I don't really know if I should be writing this or not, but I felt the urge and need to do so.
There might be millions who are reading this, but it doesn't matter to me what others have to say about us anymore. So many things have changed between us in the past 4 years, we've been together and moved apart at the same time. I know every hardship we went through along with every time we laughed our hearts out. I remember every single detail like it was just yesterday. I know that both of us didn't expect this to end here, I still don't believe its the end, but right now I have to move away from you.
Your birthday is one of the best days in the entire year for me. I love May 4th as much as I love cake, haha. Your birthday makes me realise that no matter how old you become, you will always remain as the 16 year old kid I first saw. I hate the fact that not once I was able to spend your birthday with you, I still hope that day will come soon, but I don't really know.

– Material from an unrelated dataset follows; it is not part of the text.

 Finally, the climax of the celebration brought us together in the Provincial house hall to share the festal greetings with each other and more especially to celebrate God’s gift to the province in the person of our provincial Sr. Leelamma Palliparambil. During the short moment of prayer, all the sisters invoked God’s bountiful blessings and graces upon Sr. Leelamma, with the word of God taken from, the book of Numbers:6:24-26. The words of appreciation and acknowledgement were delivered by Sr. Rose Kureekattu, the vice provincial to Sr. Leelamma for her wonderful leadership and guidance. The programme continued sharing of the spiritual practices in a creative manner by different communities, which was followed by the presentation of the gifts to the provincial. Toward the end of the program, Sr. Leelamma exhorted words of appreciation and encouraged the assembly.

There are so many things going on in my mind while typing this, theres a tiny drop of water peeping through my eyes, which I'm having under complete control. I'm feeling a little dizzy typing this but thats totally okay.

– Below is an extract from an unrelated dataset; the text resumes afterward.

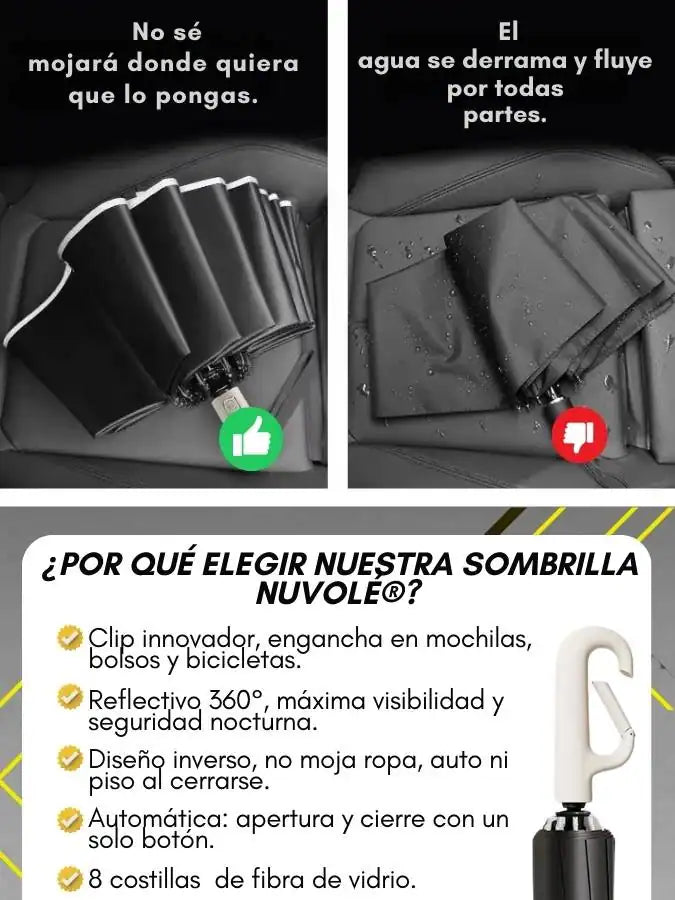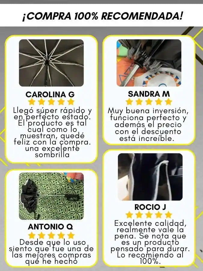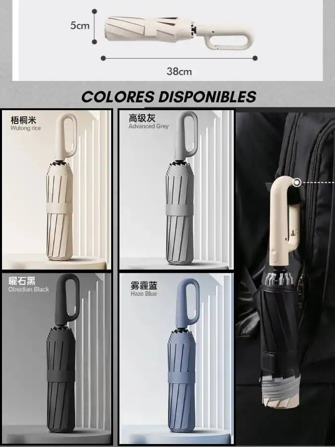 El sistema inverso y automático está diseñado para evitar que la sombrilla se voltee fácilmente con el viento.
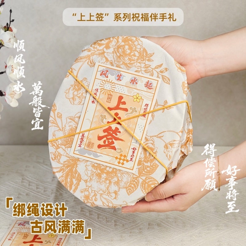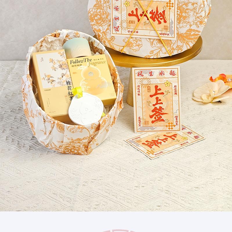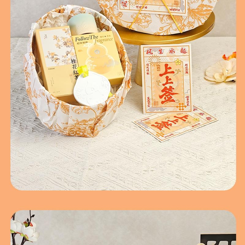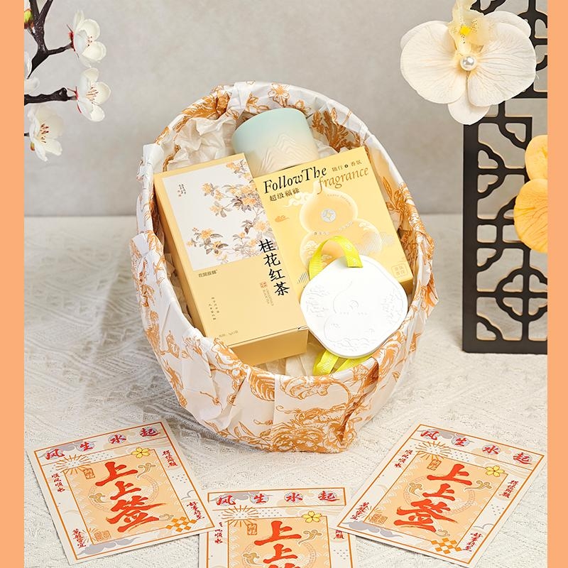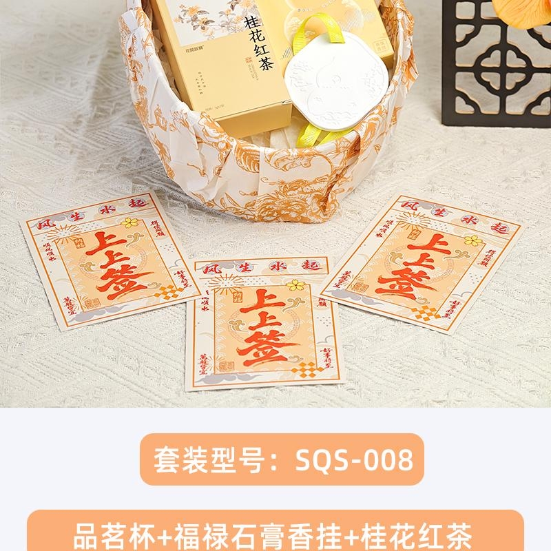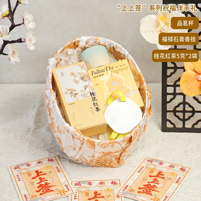 组合:品茗杯、福禄石膏香挂、花开辰锦桂花红茶5g*2袋、古风绑绳礼盒+上上签贺卡

I want to tell you something. You, are an amazing person. I've said this a million times now, but you truly are. I want to be with you all through out my life, but its going to take time love, for reasons I can't explain now. Till then, don't wait for me if you find some body else, go on, don't think what I will do when I come back, I will always find a way back to you through every mess. What I am now, will soon fade away, I will become better, but I don't know if you'll be waiting for me. I've a long line of mess that I've to clear up now, so that I am able to live for a longer time. I don't know how much of this you really understand, if you don't its okay, don't squeeze your mind too much. But someday my love, when you come to know what a mess I am, hug me tight and say its okay. (I'm totally asking for too much) I've to go now, I'm sorry for doing this to you, but Happy Birthday. Happy Birthday my irreplaceable constant. Till death do us apart.